Marius a donc fait la connaissance de Ioko, dont le parc entoure la petite maison bretonne de mon hôte. Il n’y a pas de séparation avec le bâtiment auquel ils ont donc accès. Les deux ânes voyageurs ont commencé par se regarder en chien de faïence… Marius surtout, qui n’apprécie par toujours l’approche d’autres ânes quand il est en train de découvrir les odeurs du lieu où il va s’installer. Ses sautes d’humeur ne durent heureusement jamais très longtemps. Il est quand même un peu sociable je vous rassure ! Tous les deux ont vite appris à se connaître et se sont rapidement entendus pour faire le mur ! Dès le lendemain matin, “mon roi de l’évasion” avait en effet compris comment ouvrir le portail du jardin qui donne sur une petite route de campagne. Il avait repéré un champ, non loin de là, où l’herbe semblait bien meilleure que celle du terrain de Ioko. Malin comme un singe !! J’aurais dû m’en douter… surtout m’en méfier ! Ceux qui nous suivent depuis un moment savent qu’il n’en est pas à ses débuts. Il sait depuis longtemps ouvrir les portes. A la maison déjà, il les ouvrait pour se servir en foin et au cours du voyage, il a pris la clé des champs plusieurs fois, dès que l’occasion se présentait !

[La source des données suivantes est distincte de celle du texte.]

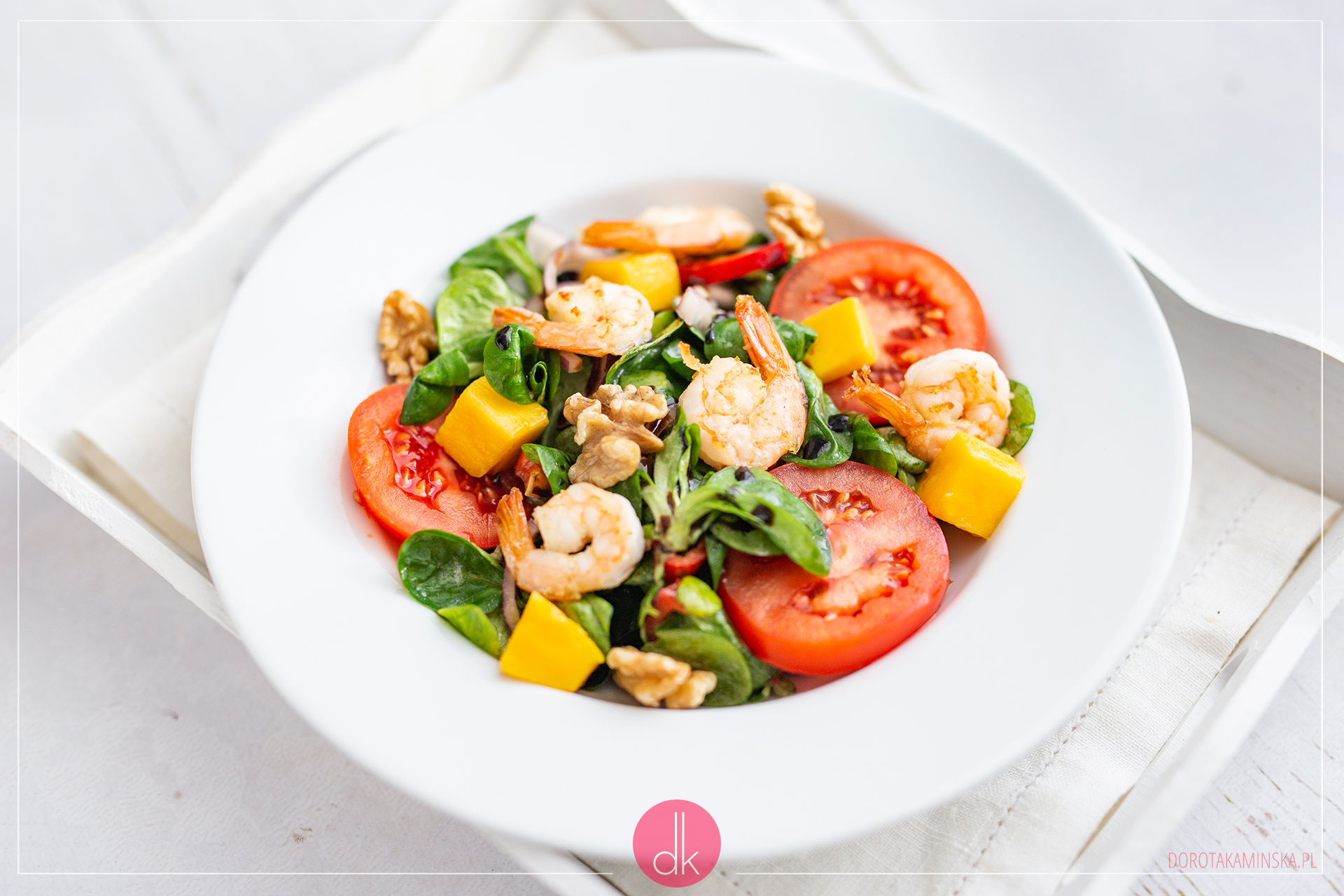 To smak, który kojarzy mi się z wakacjami. Jednak nawet pod koniec lata nadal można ją przygotować, ciesząc się smakiem dojrzałego mango i pysznych pomidorów. Słodkość koniecznie trzeba przełamać czymś kwaskowatym, dlatego proponuję dodatek soku z limonki lub pomarańczy. Odrobina chrupiących, delikatnie uprażonych orzechów lub migdałów, może świeże zioła, np. kolendra lub mięta, choć nieobowiązkowo… I eleganckie danie na letnią lub jesienną, romantyczną kolację dla dwojga, jest gotowe w 10 minut! Sałatka z krewetkami z mango, a do tego może jakaś tostowana bagietka. Do tego wino w kieliszku i miłe towarzystwo przy stole. Czy można chcieć więcej?

Une fois les deux loustics ramenés à la maison (Marius avait entraîné son nouveau pote), j’ai bloqué cette fois le portail avec deux tendeurs et une longe. Un dispositif anti-évasion qui a eu du mal à faire ses preuves tant Marius s’est appliqué à tenter de le démonter ! Et ma foi, il y est presque parvenu ! Le chemin lui manquerait-il déjà ??Bloqués à la cantine autour de la maison, les deux zèbres ont pu parler tranquillement aventures culinaires et gastronomie en voyage. Sujet vaste ! “Je dirais même plus, vaste sujet” ! Ils avaient de quoi s’occuper pendant ces quelques jours passés ensemble. Marius, profitant de la proximité de la maison, a également montré qu’il aurait bien aimé y rentrer ! Faute de pouvoir s’inviter dans le salon, il n’hésita pas à envoyer quelques coups de sabots contre la porte d’entrée ou à lancer un regard curieux à travers la petite fenêtre de derrière, histoire de nous rappeler à son bon souvenir !

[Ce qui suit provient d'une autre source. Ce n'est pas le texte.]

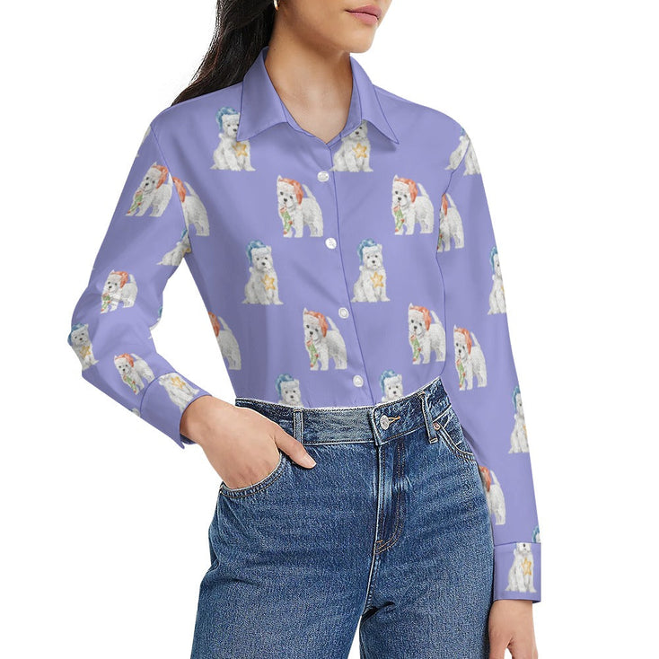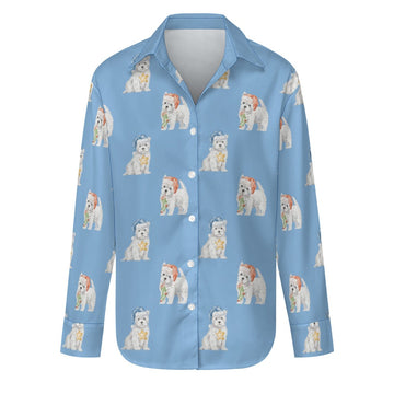 Watercolor Delight Westie Puppies Christmas Women's Shirt

C’était en tout cas un chouette moment passé chez et avec Brigitte, que j’espère revoir prochainement pour enregistrer une interview dans le cadre de notre série vidéo “Mag’Asine“. Nous n’avons pas eu le temps de la faire au cours de ces quatre jours. Durant mon séjour chez elle, nous avons eu la visite d’un correspondant de presse, celui qui était venu chez Lydie à Créac’h Ménory. Changement d’angle pour ce nouvel article. Cette fois, il racontera la rencontre de deux voyageurs au pas de leurs ânes ! Soit !Malgré ses dédicaces, la distribution de son nouveau livre et un planning bien serré, Brigitte a pris le temps de m’accueillir et de partager son quotidien. Elle s’est même mise à coudre le drapeau du Marius Tour, déchiré depuis juillet par des ronces ! J’ai pu apprendre à la connaître et à découvrir une vraie passionnée qui met beaucoup d’énergie à réhabiliter l’âne auprès d’un large public. Merci à toi encore Brigitte, et à bientôt.